1. **AI Agent**: The LLM (e.g., Claude) that sends API requests to the sandbox to perform tasks.

2. **API Proxy**: An intermediary service (`https://api.manus.im/apiproxy.v1.ApiProxyService/CallApi`) that:
   - Authenticates requests using the `x-sandbox-token` header
   - Routes requests to the appropriate sandbox instance
   - Handles rate limiting and access control

3. **Sandbox Container**: A Docker container that isolates the execution environment and provides:
   - FastAPI server (`app/server.py`) - The main entry point for HTTP requests
   - WebSocket server (`app/terminal_socket_server.py`) - For real-time terminal interaction
   - File and text editing capabilities (`app/tools/text_editor.py`)

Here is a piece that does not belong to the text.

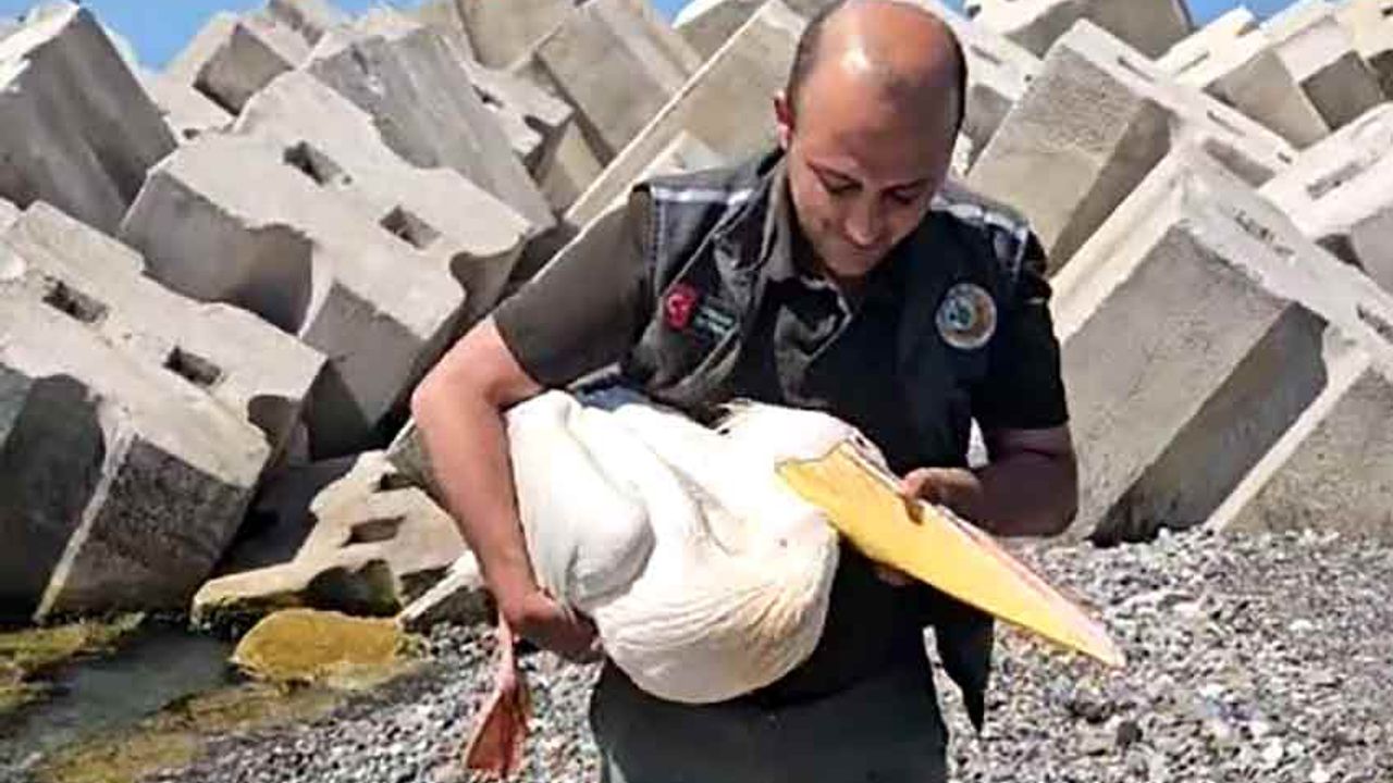 Kastamonu'da yaralı halde sahile vuran pelikan tedavi altına alındı.
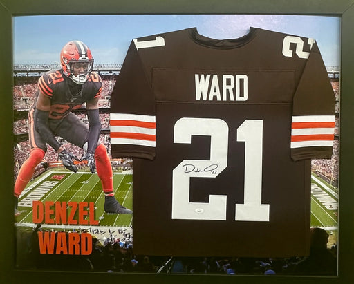 Cleveland Browns Denzel Ward Hand Signed Autographed Custom Brown Jersey Framed with Large Photo Print Background Includes JSA COA

4. **browser_use Library**: A modified version of the browser-use library that:
   - Provides browser automation via Playwright
   - Has been specifically adapted to work with Claude API (via `browser_use/agent/service.py`)
   - Handles browser actions, DOM interactions, and browser session management

## browser_use Integration

The browser_use library is a key component of Orion Sandbox that enables browser automation. It provides a clean API for the AI to interact with web browsers programmatically.

It is MIT licensced although the liscence was missing from the original source code.

### Key Classes and Components:

#### Agent Class (browser_use/agent/service.py)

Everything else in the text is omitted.